Combining these 6 congruences, we get

$n^{37} \equiv n\ (mod\ 383838)$

• July 16th 2011, 05:13 PM
Also sprach Zarathustra
Re: Fermat's little theorem
Quote:

Originally Posted by alexmahone
Use Fermat's theorem to show that for any positive integer n, the integer $n^{37}-n$ is divisible by 383838.

My attempt:

383838=(37)(19)(13)(7)(3)(2)

If 37 does not divide n, then by FLT, $n^{36} \equiv 1\ (mod\ 37)$. If, however, 37 divides n, then $n \equiv 0\ (mod\ 37)$. Thus in any case, $n^{37} \equiv n\ (mod\ 37)$.

If 19 does not divide p, then by FLT, $n^{18} \equiv 1\ (mod\ 19)\implies n^{36} \equiv 1\ (mod\ 19)$. If, however, 19 divides n, then $n \equiv 0\ (mod\ 19)$. Thus in any case, $n^{37} \equiv n\ (mod\ 19)$.

If 13 does not divide p, then by FLT, $n^{12} \equiv 1\ (mod\ 13)\implies n^{36} \equiv 1\ (mod\ 13)$. If, however, 37 divides n, then $n \equiv 0\ (mod\ 13)$. Thus in any case, $n^{37} \equiv n\ (mod\ 13)$.

If 7 does not divide p, then by FLT, $n^6 \equiv 1\ (mod\ 13)\implies n^{36} \equiv 1\ (mod\ 7)$. If, however, 7 divides n, then $n \equiv 0\ (mod\ 7)$. Thus in any case, $n^{37} \equiv n\ (mod\ 7)$.

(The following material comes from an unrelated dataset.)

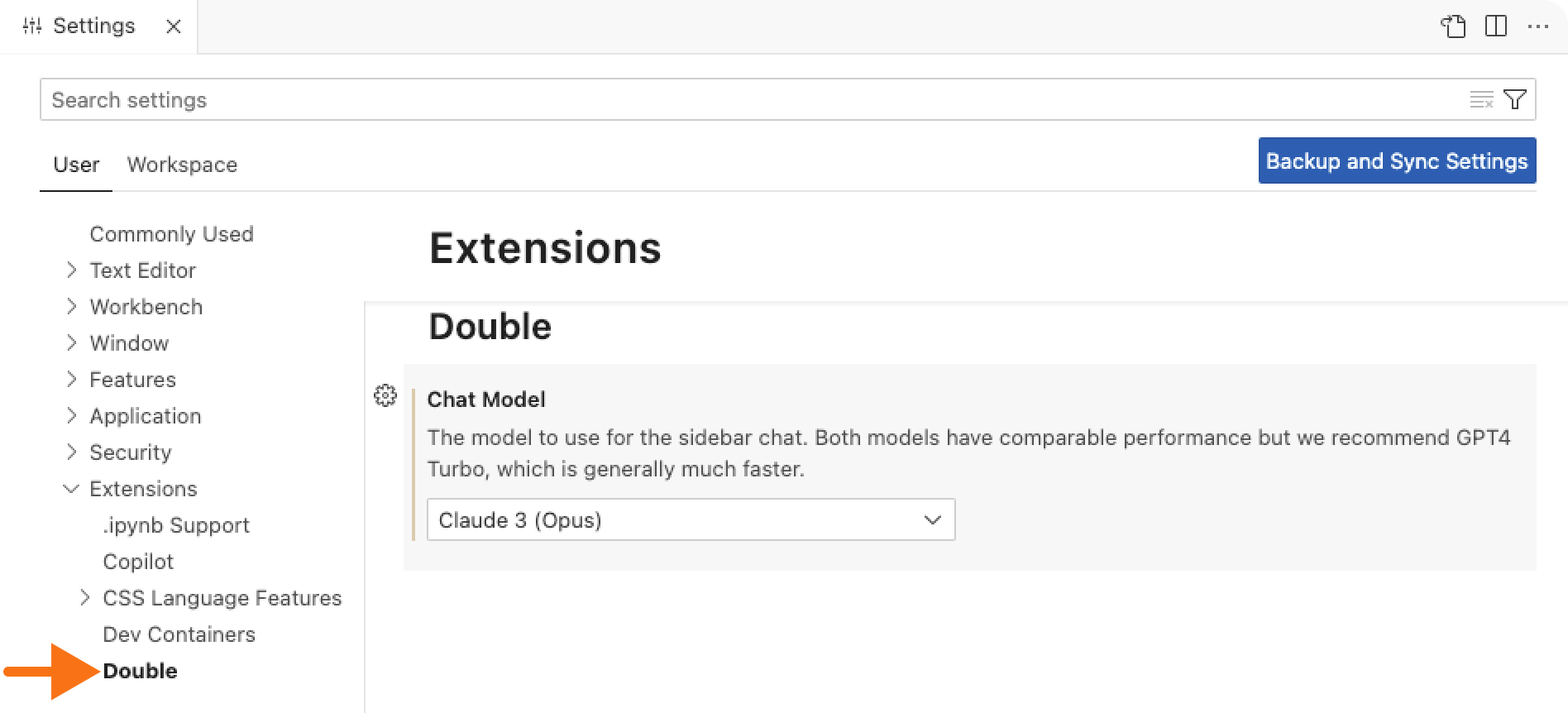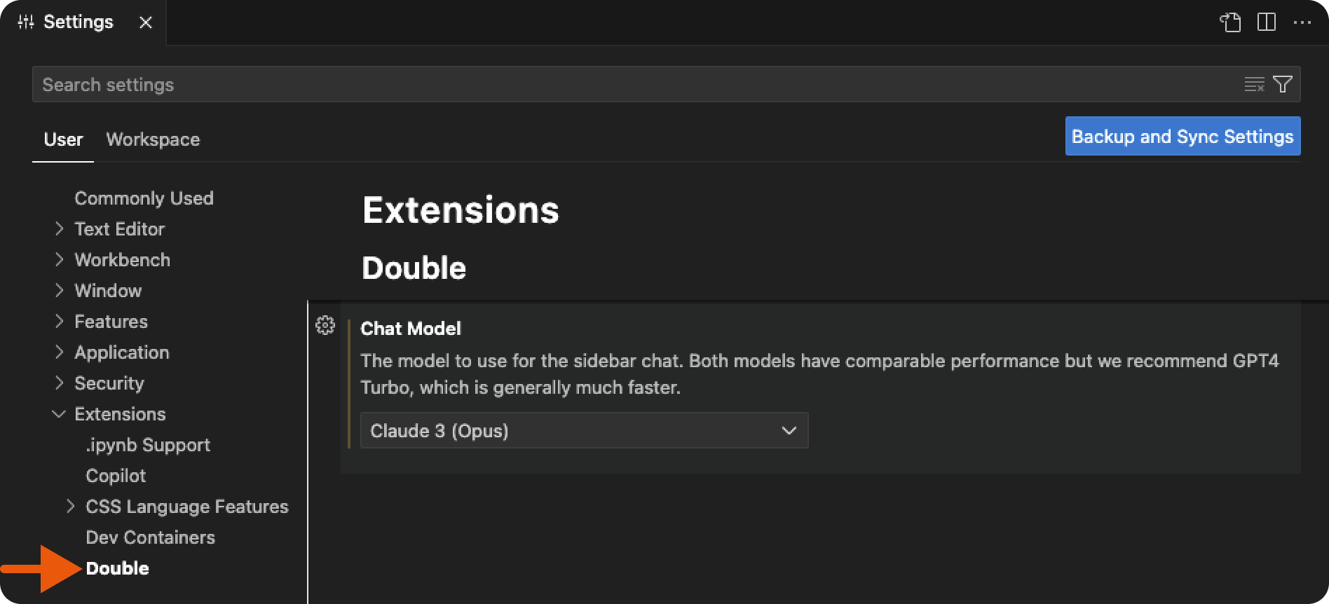 To change what model Double uses, go to the VS Code settings (Cmd + , or Ctrl + ,), expand the Extensions dropdown on the left side of the screen, and select Double. Here you’ll find a dropdown with all of the available models.

If 3 does not divide p, then by FLT, $n^2 \equiv 1\ (mod\ 3)\implies n^{36} \equiv 1\ (mod\ 3)$. If, however, 3 divides n, then $n \equiv 0\ (mod\ 3)$. Thus in any case, $n^{37} \equiv n\ (mod\ 3)$.

If 2 does not divide p, then by FLT, $n \equiv 1\ (mod\ 2)\implies n^{36} \equiv 1\ (mod\ 2)$. If, however, 2 divides n, then $n \equiv 0\ (mod\ 2)$. Thus in any case, $n^{37} \equiv n\ (mod\ 2)$.

Combining these 6 congruences, we get

$n^{37} \equiv n\ (mod\ 383838)$

A little prove for Fermat's theorem:Consider $(Z_p^*,\cdot)$ is a group with p-1 elements so from a corollary of Lagrange's theorem $\hat{x}^{p-1}=\hat{1} \Rightarrow x^p\equiv x(modp)$
Another way to prove is considering we have p pearls of a colours and $a^p$ strings .If we throw away the monocolour strings we have $a^p-a$ strings.Now we connect the ends of each string and results a necklace.knowing that a necklace doesn't differ by a rotation we have $\frac{a^p-a}{p}$ different necklaces hence the conclusion.